C’est alors une architecture légère, frêle et aérienne par sa suspension sur pilotis, qui est élaboré par G. Murcutt. Elle est élaborée d’après le vent, élément nécessaire au confort de ces habitants. Cette empreinte aérienne se ressent dans sa mise en œuvre. Elle invite le visiteur à venir se rafraichir aux brises de ce haut plateaux et par ses nombreux jeux et dispositifs d’ombre permet au visiteur une fois à l’intérieur de contempler le paysage et l’horizon faisant face. Ce bâtiment s’incline face aux aléas climatiques de cette nature. Il s’y adapte et c’est alors toute ces données environnementales qui façonnent le bâtiment au travers la main de l’architecte.
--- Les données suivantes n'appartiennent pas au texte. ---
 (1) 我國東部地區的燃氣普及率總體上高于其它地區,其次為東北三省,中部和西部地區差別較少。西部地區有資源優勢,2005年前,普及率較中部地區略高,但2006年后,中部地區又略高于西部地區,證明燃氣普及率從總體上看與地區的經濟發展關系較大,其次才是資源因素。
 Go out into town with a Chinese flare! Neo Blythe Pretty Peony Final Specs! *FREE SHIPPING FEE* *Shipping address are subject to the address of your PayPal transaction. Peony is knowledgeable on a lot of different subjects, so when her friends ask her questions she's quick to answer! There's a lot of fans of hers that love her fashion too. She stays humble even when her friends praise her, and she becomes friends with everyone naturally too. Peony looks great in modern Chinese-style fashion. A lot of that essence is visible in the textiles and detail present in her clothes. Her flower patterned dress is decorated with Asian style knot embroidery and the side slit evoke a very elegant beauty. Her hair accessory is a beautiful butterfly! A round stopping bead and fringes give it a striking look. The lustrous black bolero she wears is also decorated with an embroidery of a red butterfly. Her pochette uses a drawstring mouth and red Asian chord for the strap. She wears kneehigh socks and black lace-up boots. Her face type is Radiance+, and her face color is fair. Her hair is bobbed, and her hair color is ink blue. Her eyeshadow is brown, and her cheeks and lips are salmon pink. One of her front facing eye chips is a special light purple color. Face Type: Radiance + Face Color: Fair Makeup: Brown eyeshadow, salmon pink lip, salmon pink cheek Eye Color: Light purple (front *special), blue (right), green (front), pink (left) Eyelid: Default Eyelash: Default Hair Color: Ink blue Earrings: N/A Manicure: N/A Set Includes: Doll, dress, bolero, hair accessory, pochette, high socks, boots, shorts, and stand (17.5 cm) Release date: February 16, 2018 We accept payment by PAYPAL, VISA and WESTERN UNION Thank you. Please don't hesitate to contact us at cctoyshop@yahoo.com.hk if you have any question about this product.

De même tous les dispositifs sont adaptables à chaque situation de façon mécanique et manuel, ainsi le visiteur prend conscience par son action des manifestations de la nature.
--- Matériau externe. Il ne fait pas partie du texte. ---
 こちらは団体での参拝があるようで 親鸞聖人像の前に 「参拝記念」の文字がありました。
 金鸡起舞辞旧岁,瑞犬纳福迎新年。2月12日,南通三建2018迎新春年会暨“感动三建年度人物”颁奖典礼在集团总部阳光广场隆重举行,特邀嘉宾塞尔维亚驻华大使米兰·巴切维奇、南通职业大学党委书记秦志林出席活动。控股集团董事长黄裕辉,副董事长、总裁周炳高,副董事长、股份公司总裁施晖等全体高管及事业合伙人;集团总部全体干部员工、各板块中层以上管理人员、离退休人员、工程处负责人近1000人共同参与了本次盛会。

Les matériaux utilisés sont uniquement des matériaux qui sont à disposition des habitants et peu onéreux. Ils renvoient à une forme de simplicité de construction et paradoxalement d’une technicité invisible dans la conception comme c’est le cas pour les pavillons de thé. Chaque menuiserie et dispositif technique est pensée en détail et constitue le peu d’ornement de la maison, sa modénature (modeler d’après nature ?).
Cette démarche de Glenn Murcutt concernant le paysage peut ainsi s’inscrire dans l’esprit du wabi-sabi et interroger sur la question du confort. L’appréhension d’une simplicité rustique contemporaine ou la nature est appréhendée et évoquée au travers de la question du climat et non de ce qui la compose physiquement (sa matérialité).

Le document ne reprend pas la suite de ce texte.